Sultana Side-wheel Steamboat Disaster

A must-see stop in Marion, Arkansas!

A true story of bribes, 2,015 exchanged Union Prisoners of War, a handful of crew and others, and the deaths of 1700 either from the boilers exploding, or the cold waters of the Mississippi. The prison pens in Andersonville and Cahaba for a number of reasons when established in the spring of 1864 were overcrowded, with little food, medical, or sanitation offered by the Confederacy. On April 9, 1865 the Civil War ended. On April 24 a long column of blue-clad soldiers walked to Vicksburg, MS and boarded a steamboat meant to carry 376 passengers. After the explosion three days later seven miles north of Memphis, TN, approximately 300 survived to tell stories of war, terror, hope, and loss.
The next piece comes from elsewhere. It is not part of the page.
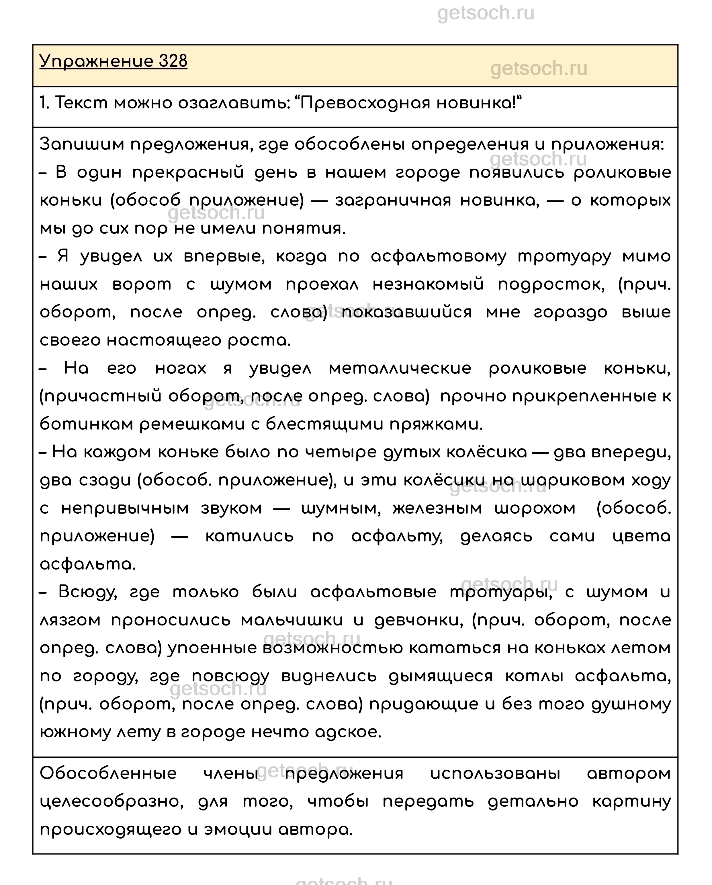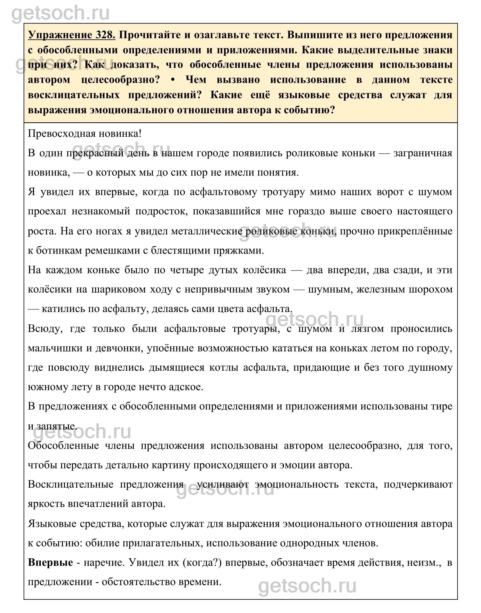 Рассмотрим ответы на Упражнение 328 из учебника по русскому языку для 8 класса Ладыженской

From ”Disaster on the Mississippi”

As I examined the exhibits, I wondered why the worst maritime disaster in American—and one of the worst in world history—is unknown. I’m certain the Museum would greet James Cameron with open arms should he film another Titantic. The Titantic was three times larger, and certainly not overloaded. The truth likely lies in the fact that four years of death and destruction, an assassinated President and capture of his murderer, and sheer fatigue in the face of the future changes. No one was wealthy, or important. For these POWs, those who had hoped to embrace them again, and the survivors who told the stories of their comrades and their own (read Rev. Chester Berry (1892) ”Loss of the Sultana and Reminisce of Survivors,”) we can learn, and remember.